Force-align narration and transcript text into subtitle or SMIL timing maps
Use aeneas when an agent already has audio and text, but still needs timing. The workflow aligns spoken narration against fragments of plain text or XML and emits sync maps that can be turned into subtitles, EPUB 3 media overlays, JSON timing data, or other downstream caption assets.
npx skills add agentskillexchange/skills --skill force-align-narration-and-transcript-text-into-subtitle-or-smil-timing-maps
This ASE entry is built around aeneas, the readbeyond/aeneas project for forced alignment between audio and text. The agent job-to-be-done is clear: take a narration file and its transcript or marked-up source text, align text fragments to the spoken audio, and emit a timing map that downstream systems can use for subtitles, WebVTT, SRT, TTML, JSON, SMIL, CSV, or EPUB media overlays. That is a bounded operational workflow for agents that prepare accessible media or synchronized reading experiences.
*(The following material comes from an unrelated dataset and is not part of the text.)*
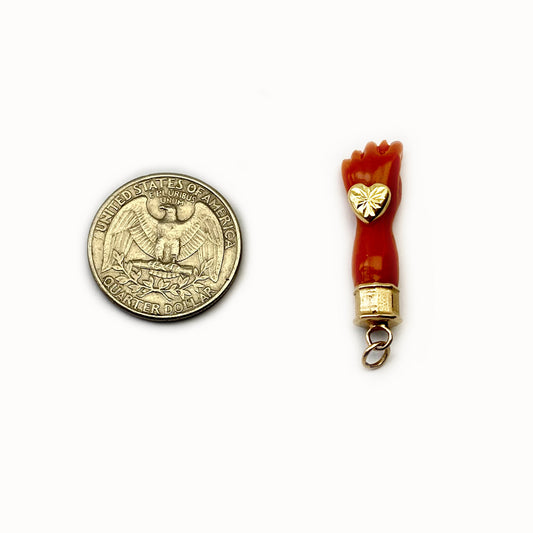 Antique 14k Gold Coral Figa, Small 1800s Mediterranean Coral Amulet, Mano Fico, Figa Charm

What this skill actually does
Invoke this skill when the user already has both the words and the audio, but the missing piece is time alignment. It fits audiobook chapter prep, language-learning material, accessibility overlays, narrated documentation, podcast chapterization experiments, and subtitle generation pipelines where the transcript exists but timestamps do not. This is not the right tool when the user needs speech recognition from scratch, video editing, or a human subtitle editing workstation. It is specifically for forced alignment, where the text is known and the agent must compute the timing map automatically.
The scope boundary is what keeps the entry skill-shaped. aeneas is not a generic audio platform, CMS, or desktop editor listing. The workflow starts with source audio plus source text and ends with synchronized timing artifacts that another tool can package, render, or review. Integration points include Python scripts, FFmpeg-based preprocessing, eSpeak-backed alignment setups, EPUB production pipelines, subtitle QA loops, and localization workflows that need machine-generated first-pass timings before manual polish. Because the upstream project publishes a real repository, docs, license, release tags, and installation guidance, it clears the evidence gate comfortably.